OpNS come un protocollo di alto-rendimento è stato utilizzato anche per studiare il meccanismo di proteine tramite l'esame di centinaia di campioni di piccole proteine, come CETP che è stato vincolanti per varie proteine in una serie di condizioni (tra cui CETP interagendo a 4 classi di lipoproteine, ricombinati HDL, plasma HDL, LDL e VLDL, con / senza 2 anticorpi, H300 e N13, sotto volte 9 di incubazione, di cui 3 min, 20 min, 1 ora, 2 ore, 4 ore, 8 ore, 24 ore, 48 ore e 72 ore, sotto i 4 rapporti molari, cioè 1: 0.5, 1: 1, 1: 2, 1: 4, e 3 diluizioni, cioè 0,1 mg / ml, 0,01 mg / ml e 0,001 mg / ml, oltre a campioni di controllo supplementari, tra cui solo CETP, solo LDL, VLDL e da solo, con le prove triple di esperimenti di cui sopra da parte di persone diverse) 6,29. OpNS immagini di CETP fornito immagini ad alto contrasto con ragionevolmente piccoli dettagli strutturali; che ci permette di ricostruire con successo una mappa di densità 3D del 53 kDa small proteina CETP (Figura 3D - F) per singola particella ricostruzione. Inoltre, le immagini ad alto contrasto OpNS ci forniscono un segnale sufficiente da una proteina individuo (Figura 4A - C), che ci ha permesso di raggiungere la risoluzione intermedia (~ 1.5 nm) di un singolo (un oggetto, non media) struttura IgG 3D attraverso il metodo (Figura 4E - J) individuale-particelle di elettroni tomografia (IPET) 5. La descrizione dettagliata della strategia IPET ricostruzione, la metodologia, i processi di step-by-step e l'analisi di variazione strutturale sono stati precedentemente segnalati 4. Un film sulle procedure di ricostruzione di anticorpi IPET, comprese le immagini crude e risultati intermedi, densità mappa 3D e attracco strutturale era disponibile anche al pubblico caricato su YouTube 5. Confronto delle ricostruzioni 3D da diverse particelle anticorpali individuali potrebbe rivelare le dinamiche di proteine e cmodifiche onformational durante le reazioni chimiche 4,5.

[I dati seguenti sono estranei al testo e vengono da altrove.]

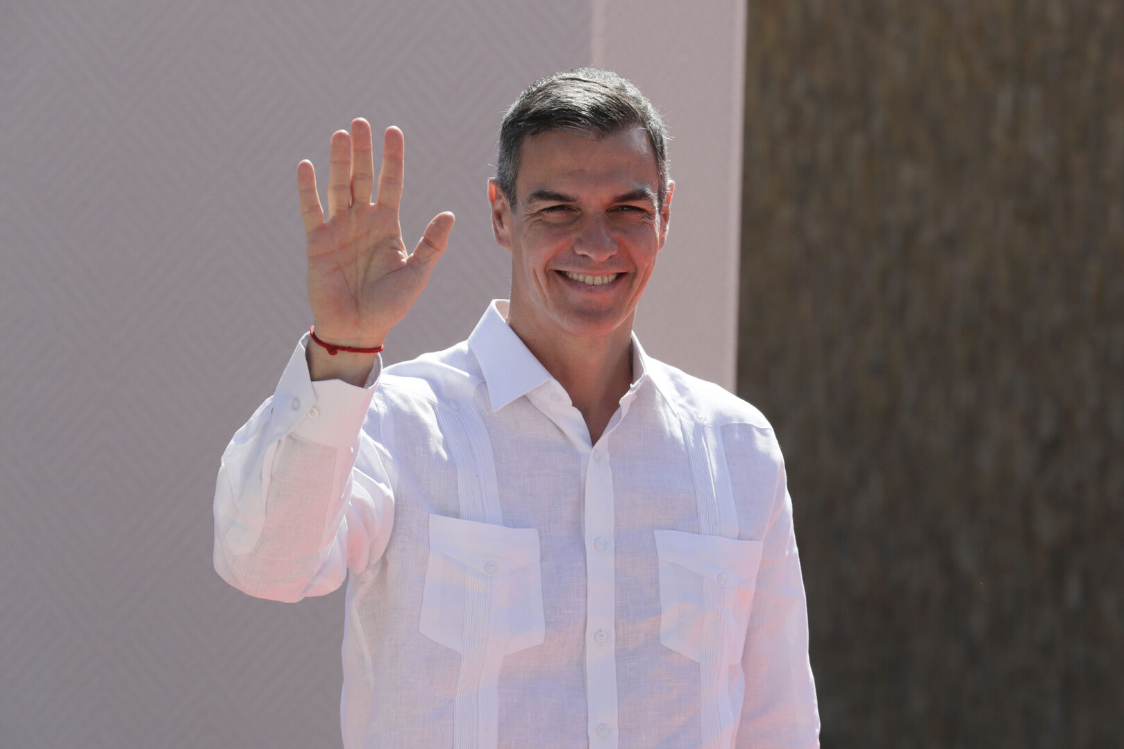 El presidente del Gobierno de España, Pedro Sánchez, llega a la ceremonia de apertura de la IV Cumbre CELAC-UE este domingo, en Santa Marta (Colombia). | EFE/ Carlos Ortega

Considerando che oltre il 50% di proteine hanno massa molecolare compreso 40-200 kDa 1,2, il successo di imaging in queste piccole proteine evidenziato che il metodo OpNS è uno strumento utile per spingere il confine EM convenzionale verso le piccole e asimmetriche determinazioni strutturali e scoperte meccanismo . Pertanto, il protocollo dettagliato è fornito come sotto.